Brixton Village

The taco man is a forerunner of the alternative scene called Brixton.

In South London is this gem of a food market that gets you the moment you walk in through its portals. Brixton Village Market ain’t your corner if you are looking for posh dining and drinks. It has a homey vibe and is the kind of place where you where you relax with friends, browse in boutiques, eat, walk, browse some more and nosh to your heart’s content from a potpourri of cuisines.It ticks off all the essential ingredients that make a food market piquant. A cornucopia of colours, whiffs from kiosks and eateries enticing you with edible promises and just enough street fashion to keep the style diva in you hooked.
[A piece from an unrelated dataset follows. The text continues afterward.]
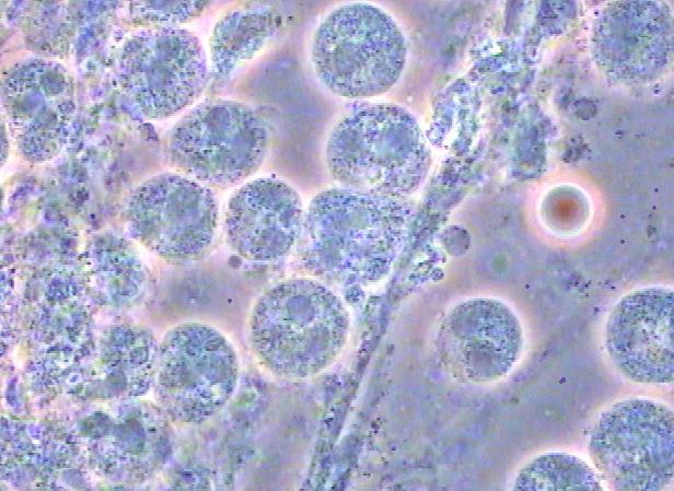 Sinon, encore plus petits, on voit parfois les granulations d'un PMN qui vient d'éclater se répandre partout en "vibrant" mais dans ce cas il y a des bestioles aggressives dans tous les sens.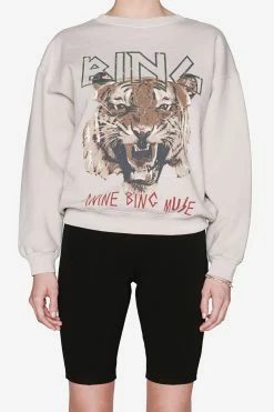 The best-selling Tiger Sweatshirt from Anine Bing, now available in a muted neutral colorway. This signature pullover features the iconic, vintage-inspired tiger graphic infused with a touch of bold color. Serving as a seasonal update to the original Tiger Sweatshirt in black, the Tiger Sweatshirt in stone comes in a structured, heavyweight 100% cotton fleece.

It is a sensory experience in every sense of the term.

On the first sunny Saturday of December, we went into this neighbourhood in the southern borough of Lambeth with a friend. It is after all the happy month when everyone seems to be in the mood for some Christmas lovin’. Warm coats, boots and snoods, steaming cups of hot chocolate, spiced up coffees, red noses and big smiles – life is rosy in December. Nothing sits better in this frame of mind than a saunter into a food market. All you have to do is worry about which stall you have missed out and make a mental note that you’ve got to get back to it the very next weekend.

Brixton is a story of revival and survival. In the ’80s and ’90s, it was rife with racial tensions and economic problems and hardly anyone would think of venturing into the area for the day like we were doing now. But it has been turned around and the proof of it is in the popularity of the market with foodies on a budget.

As you get out of Brixton Tube, you turn right and walk straight till you hit the railway bridge. Take a right into Brixton Road Market and another right into Pope’s Rode Market. Or, like us, you do it the short way. Just turn right into Atlantic Street once you get out of the tube.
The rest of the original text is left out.